Wo befinden sich die Chakras?

Das erste Chakra sitzt am unteren Ende der Wirbelsäule. Das zweite sitzt vier Finger breit unterhalb des Bauchnabels. Über dem Solarplexus (Bauchnabel) befindet sich das dritte Chakra. Das vierte Chakra sitzt direkt über dem Herzen in der Mitte des Brustkorbs. Das fünfte Chakra finden Sie über der Kehlkopfgrube und das sechste über der Nasenwurzel zwischen den Augenbrauen bzw. mitten auf der Stirn. Das siebte Chakra sitzt direkt auf unserem Kopf. Und das achte Chakra schwebt einige Zentimeter über unserem Kopf.

Wie reinigt man Chakras?

Alberto Villoldo beschreibt in seinem bereits erwähnten Buch, wie man seine Chakras täglich ganz einfach säubern kann, und dies – ich zitiere –

„… geschieht am besten am Morgen unter der Dusche. Leg deine linke Hand auf das untere Ende der Wirbelsäule und fühle mit der rechten Hand dein erstes Chakra ungefähr acht bis zehn Zentimeter über der Haut(…) Dreh das Chakra mit den Fingerspitzen drei bis vier Mal entgegen dem Uhrzeigersinn. Halte danach deine Hände unter das Wasser. Auf diese Weise spülst du die Rückstände und Gifte fort, die sich an der Wand des Chakras abgelagert haben. Verfahre so mit allen Chakras und vergiss nicht, zwischendurch die Hände gut zu waschen. Versuche die verdichtete Energie zu fühlen, die sich wie Zuckerwatte auf die Chakras gelegt hat. Geh jetzt wieder zum ersten Chakra und dreh es drei bis vier Mal im Uhrzeigersinn. Verfahre so mit allen sieben Chakras…“ (Alberto Villoldo, Das geheime Wissen der Schamanen, 4. Auflage, Seite 79)

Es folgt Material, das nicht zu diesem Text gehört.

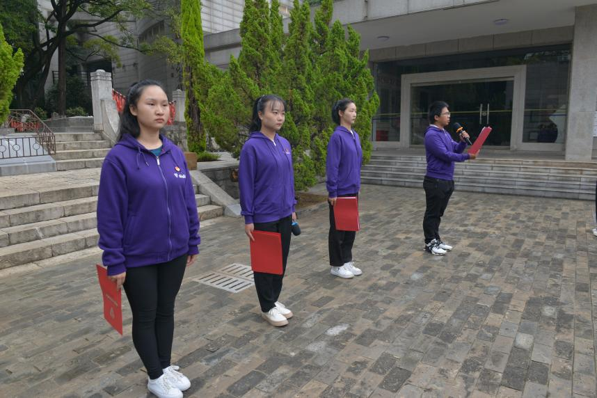 西南联大博物馆志愿者代表依次分享了于再、李鲁连、齐亮、席淑筠四位烈士的革命事迹,讲述了不同历史时期联大人为国家、民族独立解放舍生取义的动人故事,深刻缅怀先烈们的革命精神,激励新时代的青年继承革命先辈的光荣传统,在新征程上争做时代的脊梁。
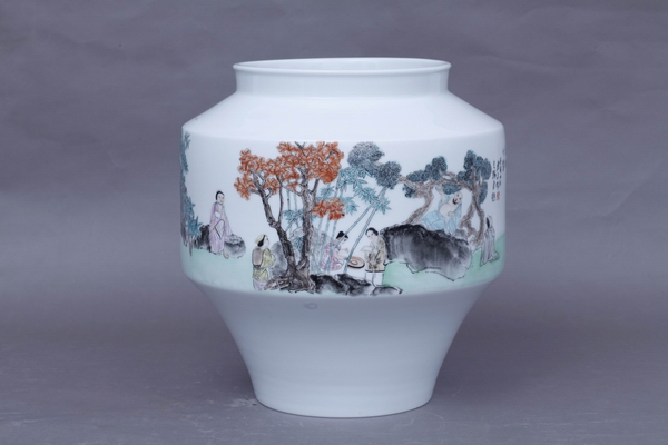 傅建文在创作一种独有的意味时,除了用一脉相承的画风作画以外,更注重陶瓷所体现的故事,在他笔下,陶瓷只是一种载体,一种讲故事的媒介,他通过这种媒介,讲述他心中的文人高士,讲述他梦寐的逍遥自在。
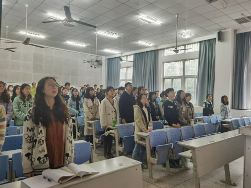 本次党日活动共七项内容,首先进入大会第一项,全体起立,奏唱国歌。第二项,全体党员齐唱入党誓词。第三项,交党费。第四项,集体诵读学习党章第九章第五十条。第五项,学生微党课,学生党员围绕习近平治国理政第三卷展开学习,在杨晓静、方浴、杨晓清、许媛媛、宋子豪、李梦瑶六位同志的带领下,学习了“人与自然和谐共生”、“绿水青山就是金山银山”、“推动经济高质量发展”等更多关于党的知识。第六项,由刘晨润同志带领大家学习了习近平总书记在中央党校(国家行政学院)中青年干部培训班开班式上的重要讲话精神、2022年全国教育工作会议内容和习近平总书记关于宗教工作的重要论述,让大家更深入的理解其中的精神和意义。第七项,抽取党员同志发表感想,要坚持以人民为中心的发展思想,把群众观点、群众路线深深植根于思想中、落实到行动上。进一步增强预备党员的党员意识和党性修养,发挥其先锋模范作用,时刻牢记为人民服务的宗旨,在生活中帮助同学,以身作则带动大家。至此,此次党日活动结束。
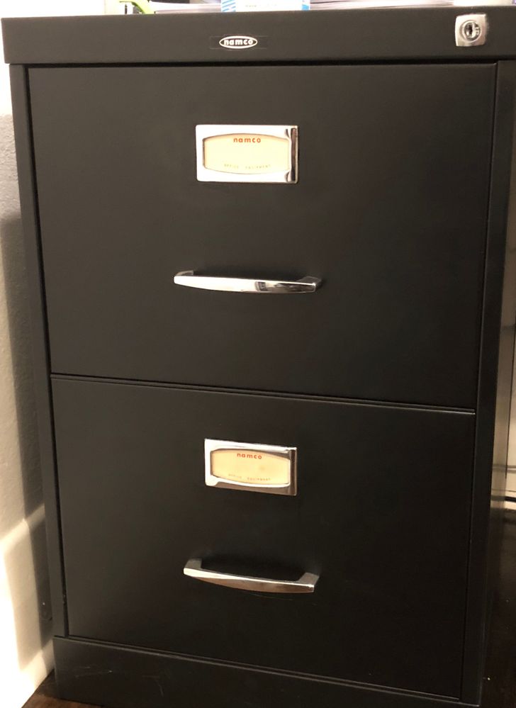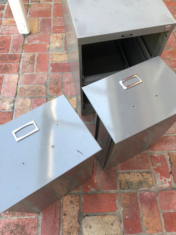 Once all the coats of spray enamel had dried, it was onto final assembly. The filing cabinet was the easiest job to finish with just a soak and wipe down of the polished handles and fittings in vinegar solution.

Vielleicht möchten Sie bis zum nächsten Artikel, in dem ich näher auf die einzelnen Chakras eingehen werde, diese tägliche Reinigung durchführen und einmal notieren, was sich bei Ihnen alles zum Positiven verändert. Notieren Sie einfach einmal alles, was Ihnen auffällt und seien Sie gespannt, welche Erkenntnisse Sie durch die nächsten Informationen gewinnen können.